Crystallography & NMR System

DEN:

deformable elastic network

The true structure often differs from the reference model by large-scale deformations, whereas the polypeptide geometry is approximately conserved. How can such deformations be mathematically described? An early approach (29) used low-frequency normal modes shown to reproduce large-scale collective changes in structures with very few degrees of freedom (54); this approach has been used to refine protein structures with low-resolution X-ray or cryoelectron microscopy data (26, 91). DEN has been shown to fit models into cryoelectron density maps, allowing large deformations such as hinge bending (84).

DEN defines harmonic “springs” between selected atom pairs using the reference model as the template. The equilibrium distance (at which its potential energy is minimum) of each spring is initially set to the distance between these atoms in the starting structure for refinement. As torsion-angle molecular dynamics against a combined target function (comprising diffraction data, DEN, and empirical energy function) proceeds, the equilibrium lengths of the DEN network are adjusted to incorporate the distance information from the reference model. The degree of this adjustment is controlled by a unitless parameter, γ. The optimum value for γ and for the weight, w_DEN, of the DEN energy term is obtained empirically by performing a series of DEN refinements with different combinations of these parameters and then selecting the DEN refinement with the best free R-value. To further increase the chances of obtaining an optimum solution, multiple trials must be performed for each parameter pair (85) to ensure optimal performance.

DEN refinement has been implemented by performing torsion-angle molecular dynamics refinement (80), interspersed with individual restrained B-factor refinement in the presence of a sparse set of distance restraints that are initially obtained from a reference model (85). Typically, random distances between pairs of atoms are drawn within a specified distance range and a primary sequence separation range. The number of selected distance restraints is set equal to the number of atoms. Therefore, on average, one distance restraint is selected per atom.

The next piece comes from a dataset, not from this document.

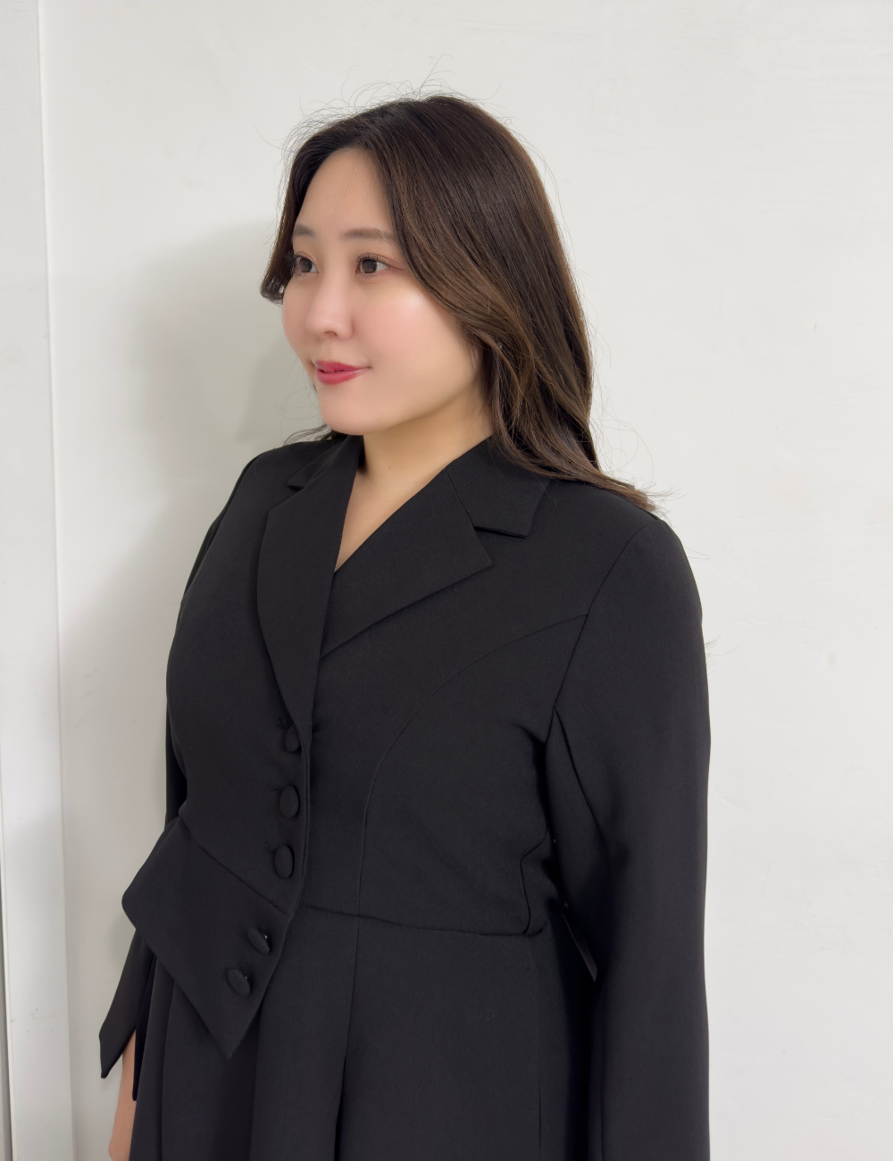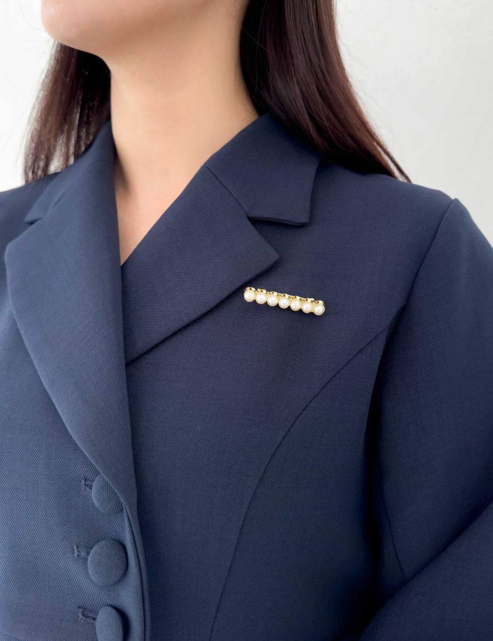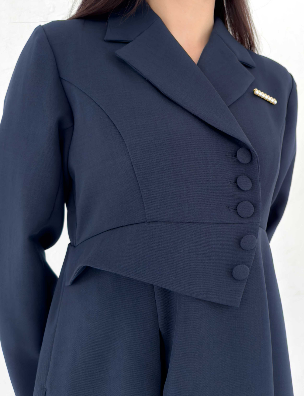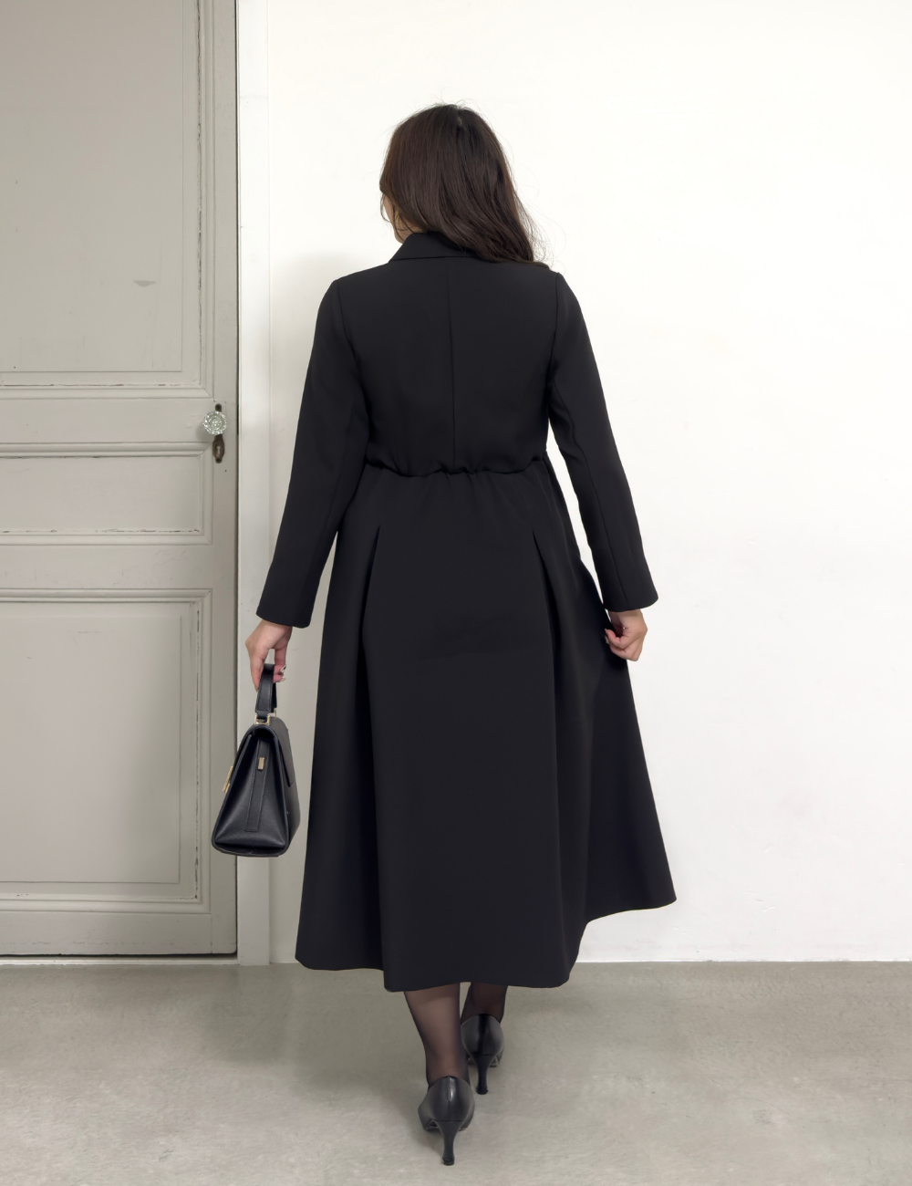 前開きに並ぶ飾りのクルミボタンが、クラシカルで洗練された印象を引き立てます。

The reference model can be simply the starting model for refinement or a homology or predicted model that provides external information. In this respect, DEN refinement is a general refinement method, so it is not restricted to cases with a high-resolution homology model, but rather any starting model can be used as the reference. Furthermore, the method can be applied to any macromolecular structure, including those involving nonprotein components. DEN refinement can also be used to re-refine a structure when a new high-resolution structure has become available for parts of a low-resolution complex; in that case, the reference model will be different from the starting model.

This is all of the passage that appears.